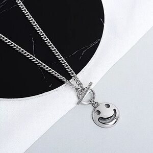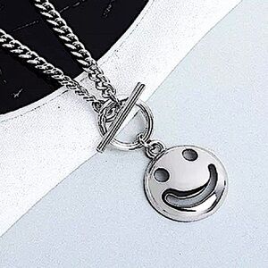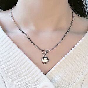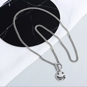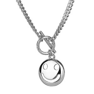Sterling Silver Happy Smiley Face Chain Link Charm Pendant Necklace
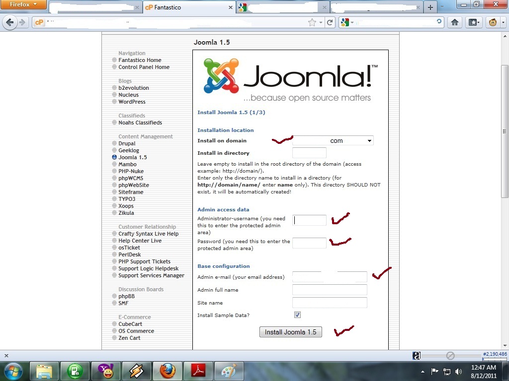 - Pilih joombla atau wordpress. Penulis memutuskan untuk menghubungkannya ke joombla
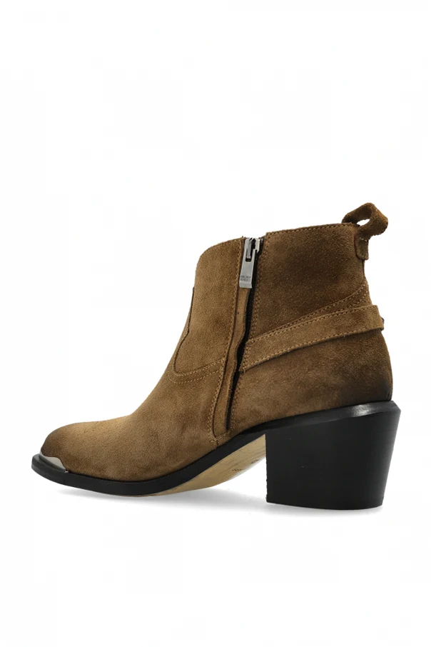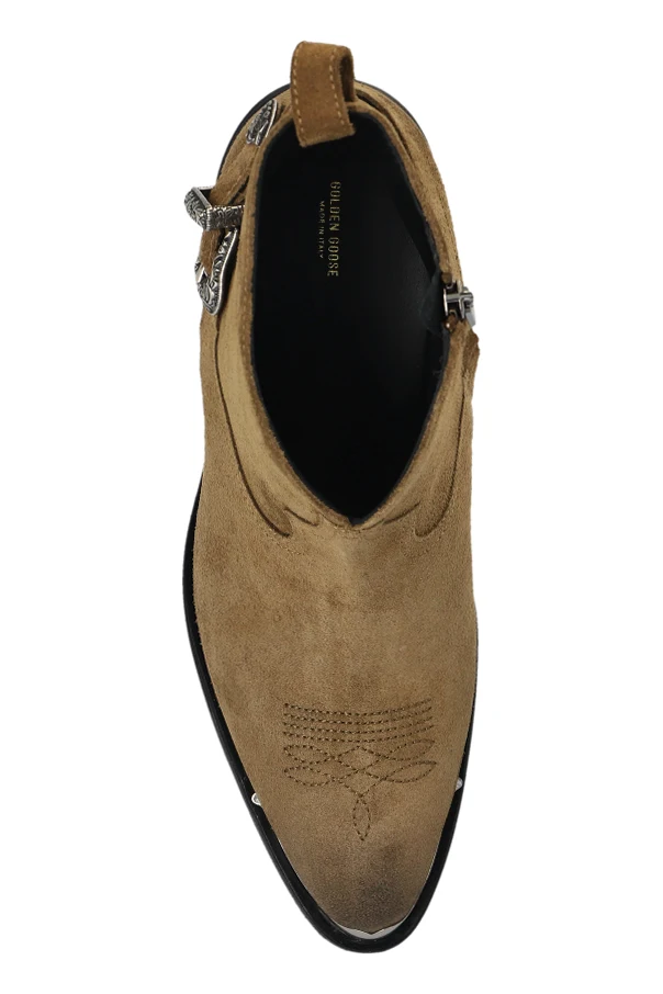 Discover refined sophistication with the ‘Patty’ Leather Ankle Boots by Golden Goose. Crafted from sumptuous brown suede leather, these ankle boots embody understated elegance and a distinct Western allure. The sleek, tapered toe and robust mid-height block heel evoke classic sensibilities, while the smooth suede finish is beautifully accented by decorative stitching, evoking timeless cowboy-inspired charm.
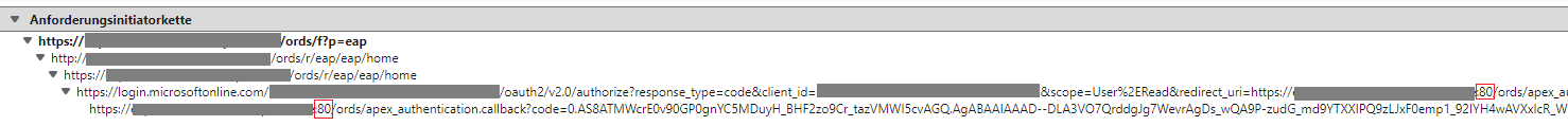 它在某种程度上起了作用,但先端提供的重定向url似乎会导致用户被重定向到https://our-domain/:80/ords/apex_authentication.callback?..。然后浏览器显示一条错误消息。如果用户从url中删除":80“,并且不更改任何其他内容,他将被重定向到APEX应用程序,一切都正常。
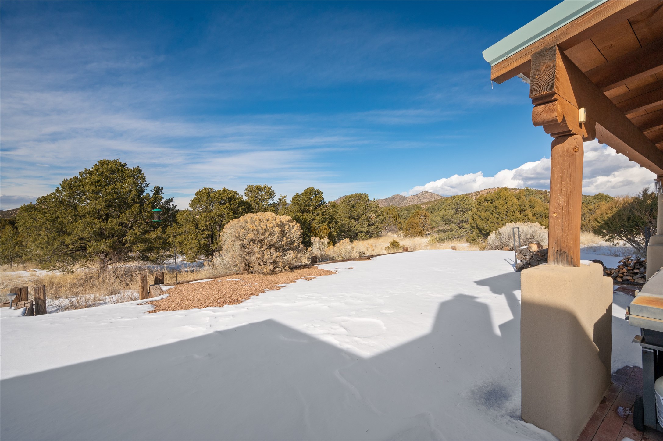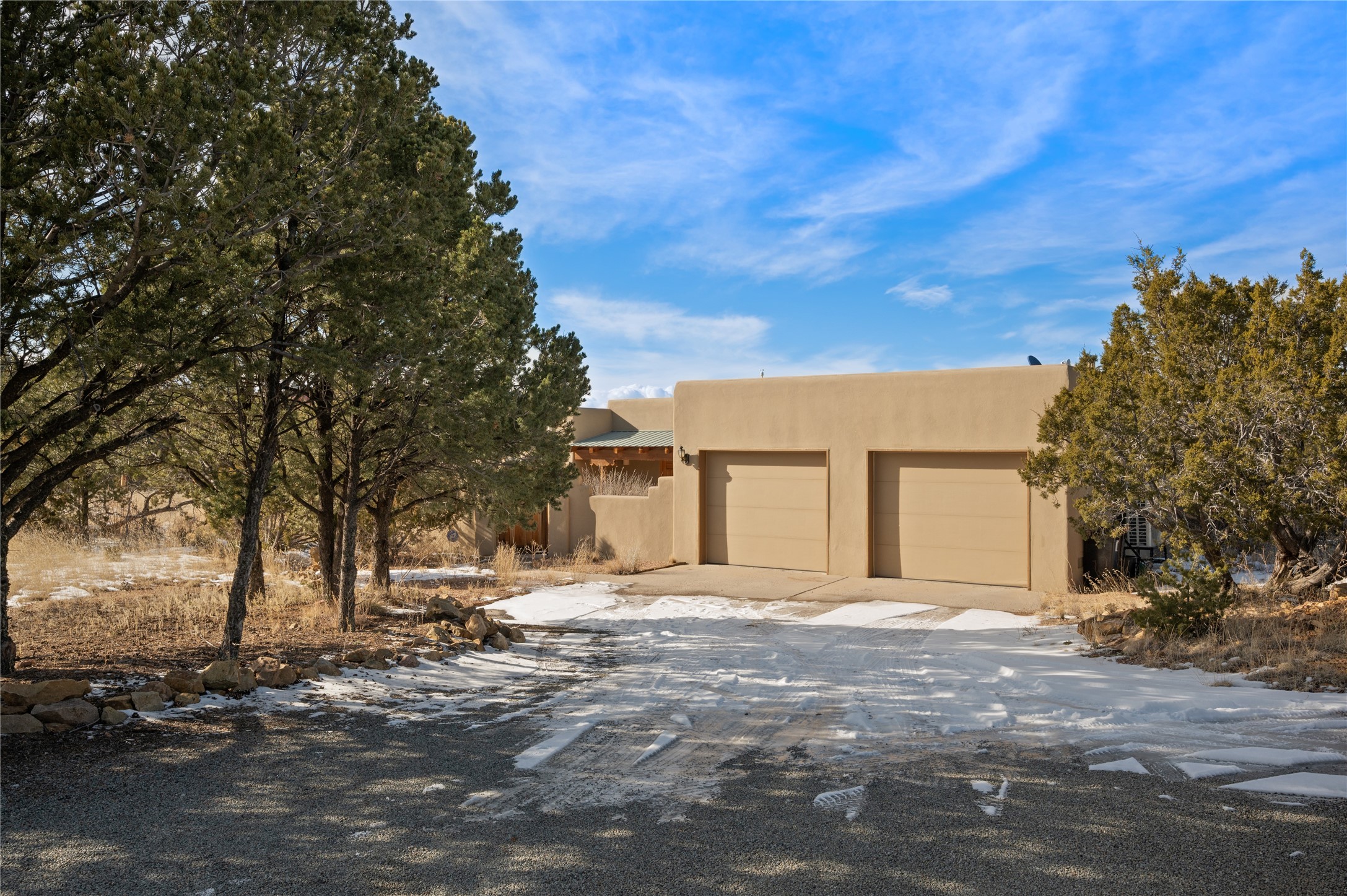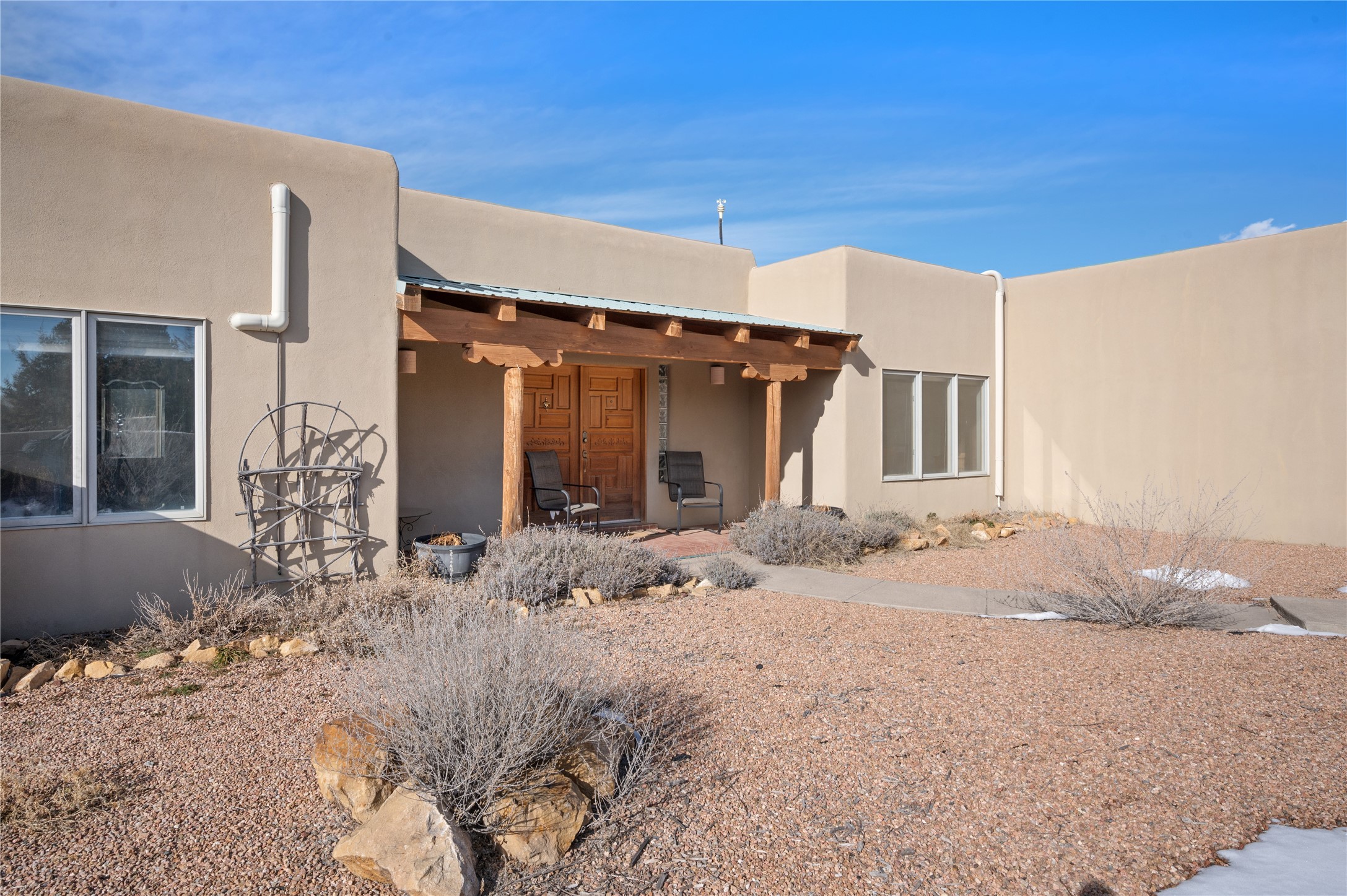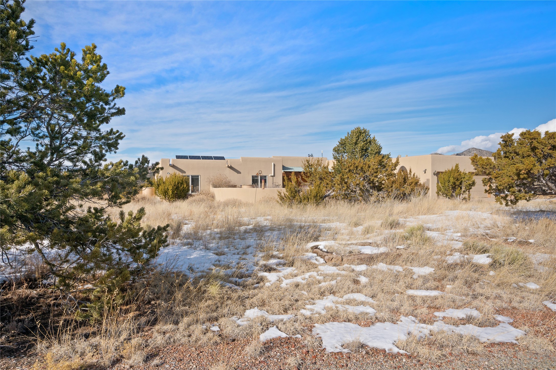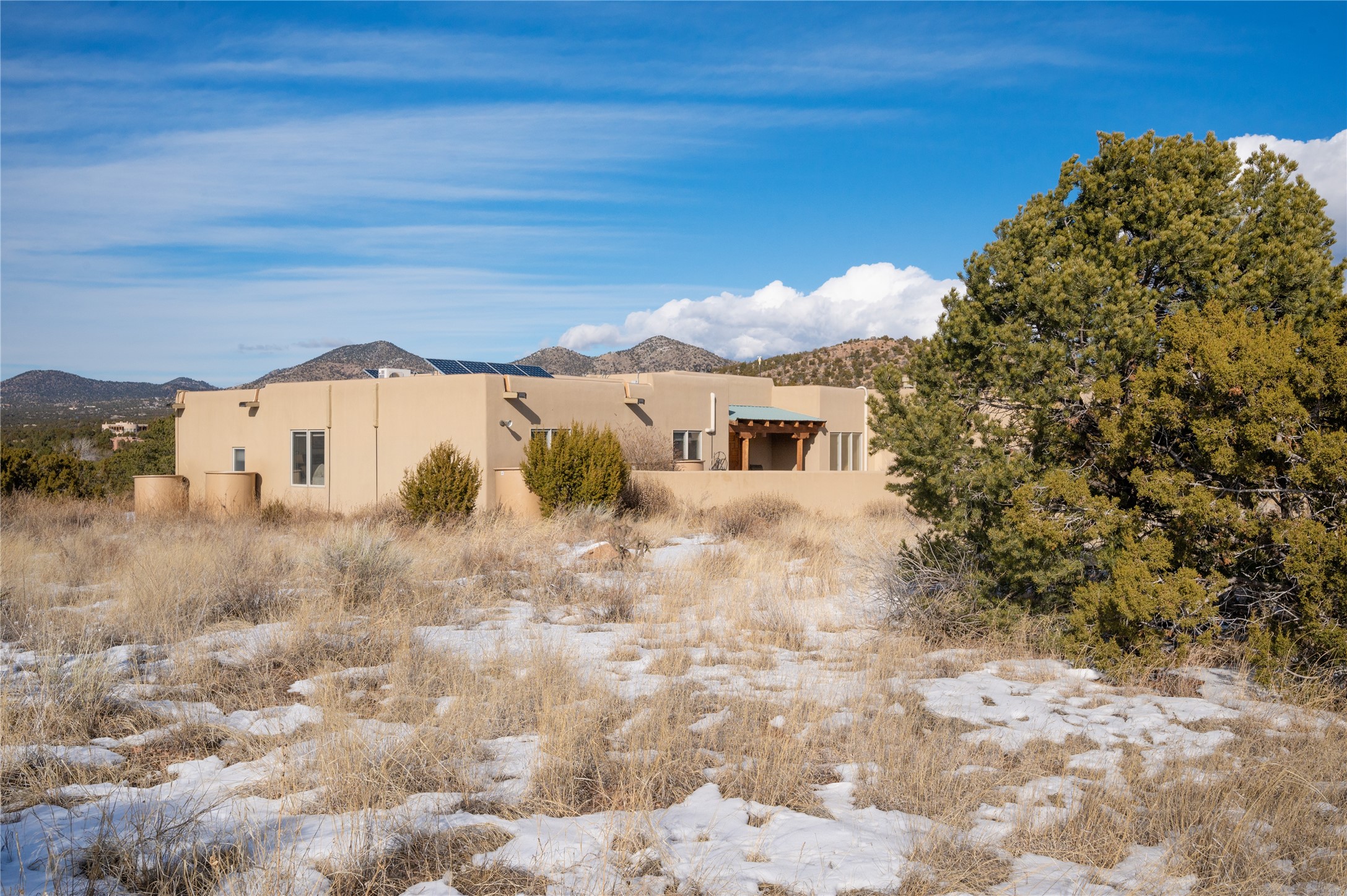 Nestled in the foothills of the Sangre de Cristo Mountains, this single level Pueblo style home can be found in the Dos Griegos Community, just 20 minutes from the Santa Fe plaza. This spacious 3,000+ square foot energy efficient home is situated on 3.66 acres, has 4 bedrooms along with a bonus room that could be used as an office, studio, media room...whatever you need it to be, 2 1/2 baths, 2 kiva fireplaces, beamed ceiling, 3 outdoor portals & 2 courtyards and a hot tub. Current owner updated the interior, added energy efficient appliances, an IB Roof System, 8 mini splits, a radiant floor heating mat in the primary bath, a water filtration system and purchased a Positive Energy Solar system.

━━━━━━━━━━━━━━━━━━━━

About this task: Nothing but the lines above from the line with "- Pilih joombla" up to and including the line with "它在某种程度上起了作用,但先" should be returned, exactly as written and without pictures.

Result:
 - Pilih joombla atau wordpress. Penulis memutuskan untuk menghubungkannya ke joombla
 Discover refined sophistication with the ‘Patty’ Leather Ankle Boots by Golden Goose. Crafted from sumptuous brown suede leather, these ankle boots embody understated elegance and a distinct Western allure. The sleek, tapered toe and robust mid-height block heel evoke classic sensibilities, while the smooth suede finish is beautifully accented by decorative stitching, evoking timeless cowboy-inspired charm.
 它在某种程度上起了作用,但先端提供的重定向url似乎会导致用户被重定向到https://our-domain/:80/ords/apex_authentication.callback?..。然后浏览器显示一条错误消息。如果用户从url中删除":80“,并且不更改任何其他内容,他将被重定向到APEX应用程序,一切都正常。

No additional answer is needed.